It was launched with the aim of keeping young people out of the criminal justice system by taking responsibility for their wrongdoing. 

Now, less than two years on, ‘Children First’ a progressive partnership between Prospects, part of Shaw Trust, Gloucestershire County Council (GCC), the Police and Crime Commissioner (PCC) and Gloucestershire Constabulary, has been celebrated at the highest level.

Prue Leith, writer and broadcaster presents Children First / Shaw Trust with a Commendation in the Restorative Approach category at The 2019 Howard League for Penal Reform ‘Policing the community’ conference and Community Awards 2019 at the King’s Fund in central London, UK. (Image © Andy Aitchison / Howard League)

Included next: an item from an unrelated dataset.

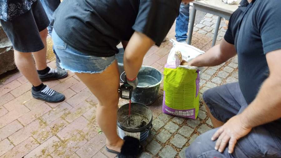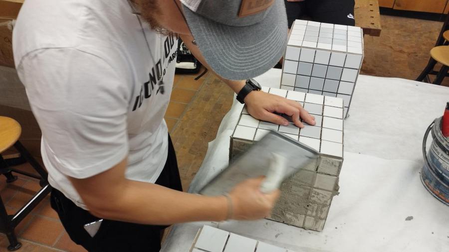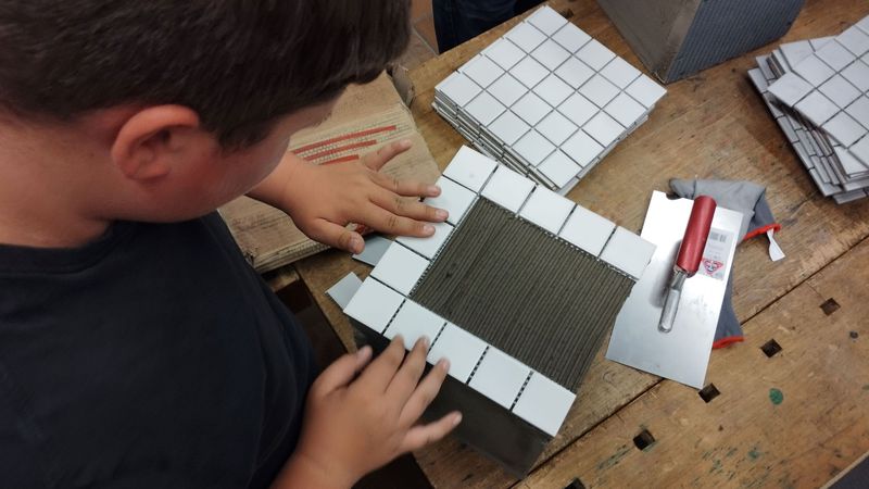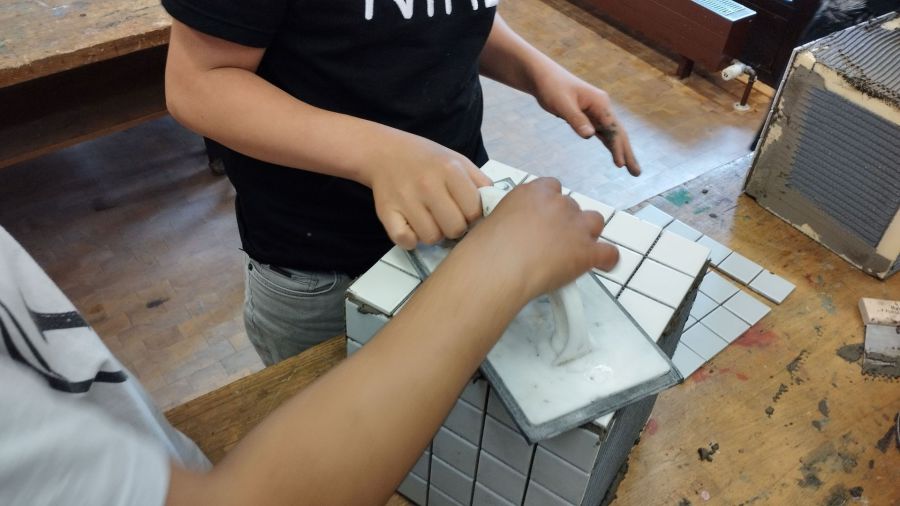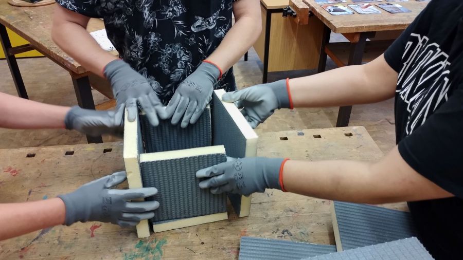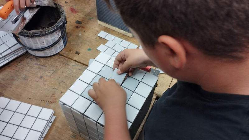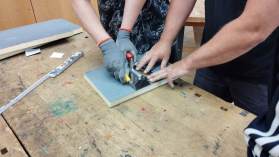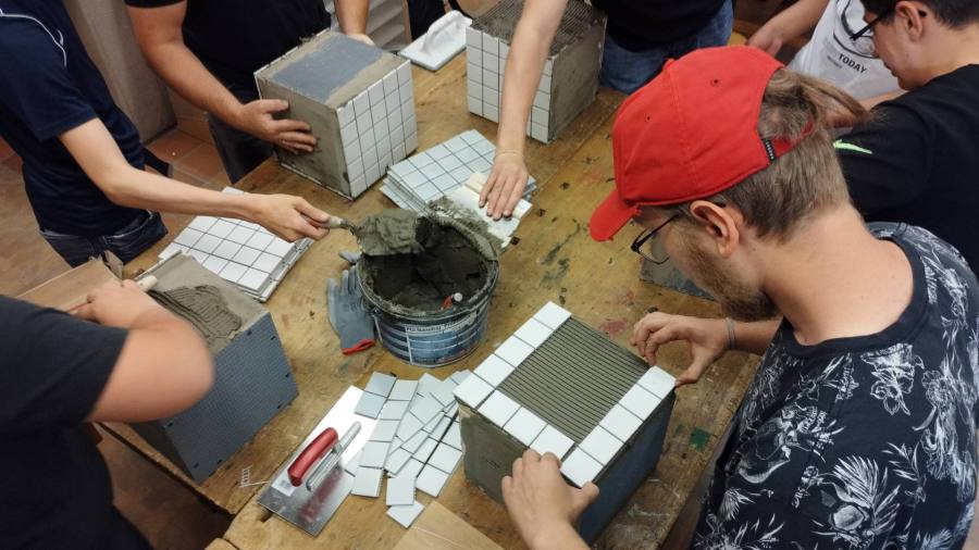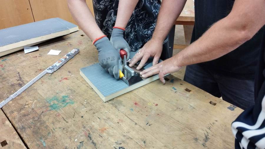 An zwei Schulvormittagen im Juni und Juli besuchte der Fliesenlegermeister Herr Sven Mulzer aus Kornburg den Praxisunterricht in der Oberstufe am SFZ Jean-Paul-Platz. Zunächst klärten Herr Mulzer und die sechs interessierten Schüler aus den beiden 8. Klassen die Tätigkeiten eines Fliesenlegers und die Orte, an denen man überall geflieste Wand- oder Bodenbeläge finden kann.

Between January 2018 and April 2019, 309 youth restorative interventions (YRI) were given to 275 young people in Gloucestershire as a direct alternative to a criminal penalty, which may have marked them for life.

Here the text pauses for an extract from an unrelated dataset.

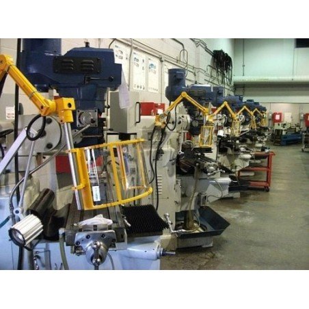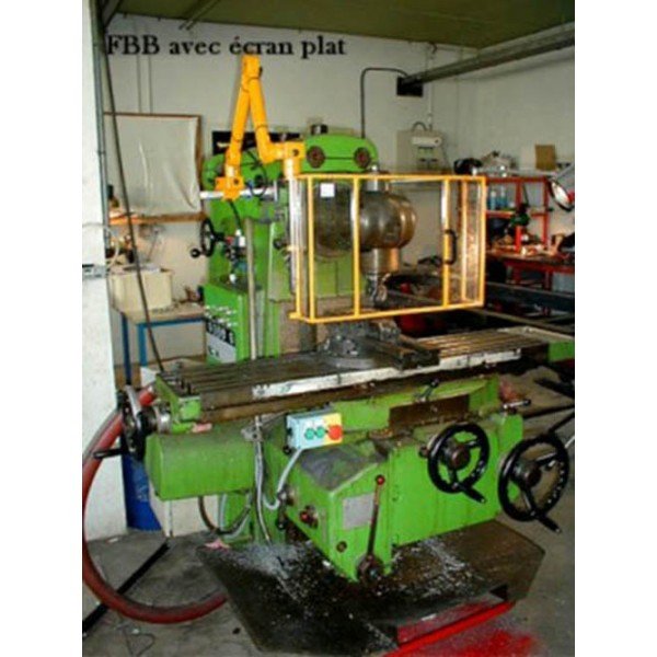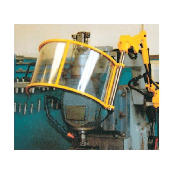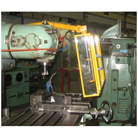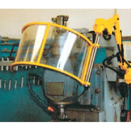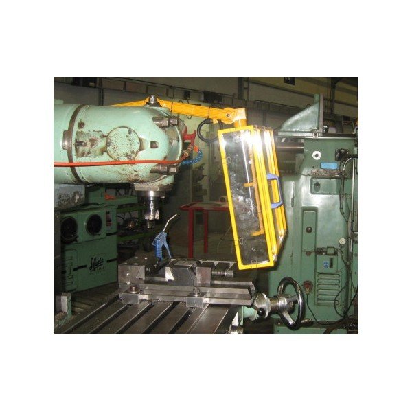 Spindle shield for a milling machine composed of a screen with an angular steel frame, filled in with impact-resistant and scratch-free polycarbonate (P) or safety glass (V), mounted on an articulable arm with 3 safety switches. The articulable arm is also provided with a gas spring that allows vertical movement of the shield.

In March this year, thanks to Children First, Gloucestershire had the second biggest reduction of first time entrants into the criminal justice system in the country.

Reoffending rates for children have also continued to be significantly lower than for those in the criminal justice system, down from 44% for a youth caution to 13.5% in the first year and 9% in the year to date.

The figures represent one of the biggest reductions in youth offending in the country and resulted in a ‘commendation’ for Children First in the prestigious Howard League awards, which recognises exceptional work within the field of criminal justice.

Kate Langley, Strategic Lead for Youth Justice in Gloucestershire who also leads on the PCC’s policing priority for helping young people become responsible adults said, “We recognise that children who come into contact with the police for wrongdoing are often vulnerable themselves. For them, traditional sanctions are ineffective and can make things worse.

“Since 2018 all decisions regarding youth cautions and criminal charges have been referred to a joint decision-making panel, able to resolve most cases through a youth restorative intervention.  In other words, encouraging young people to take responsibility and make amends for their wrongdoing. This can include elements of restorative justice, where the young person may meet their victim, write a letter or undertake some work within the community to make amends for their behaviour, whilst offering them the support they need.

“But it’s not a soft option. Any young person who does not engage with the programme faces a return to the caution or criminal charge process. However, in the past year only 4% of young people given a YRI have been returned to the panel for not engaging”.

PCC Martin Surl said, “This is a great achievement and well deserved. We know this is the right thing to do. Young people need all the help they can get to become successful adults. A mistake taken when they’re young should not affect them for the rest of their lives”.

The Howard League is the oldest penal reform charity in the UK. It was established in 1866 and continues to campaign for less crime, safer communities and fewer people in prison.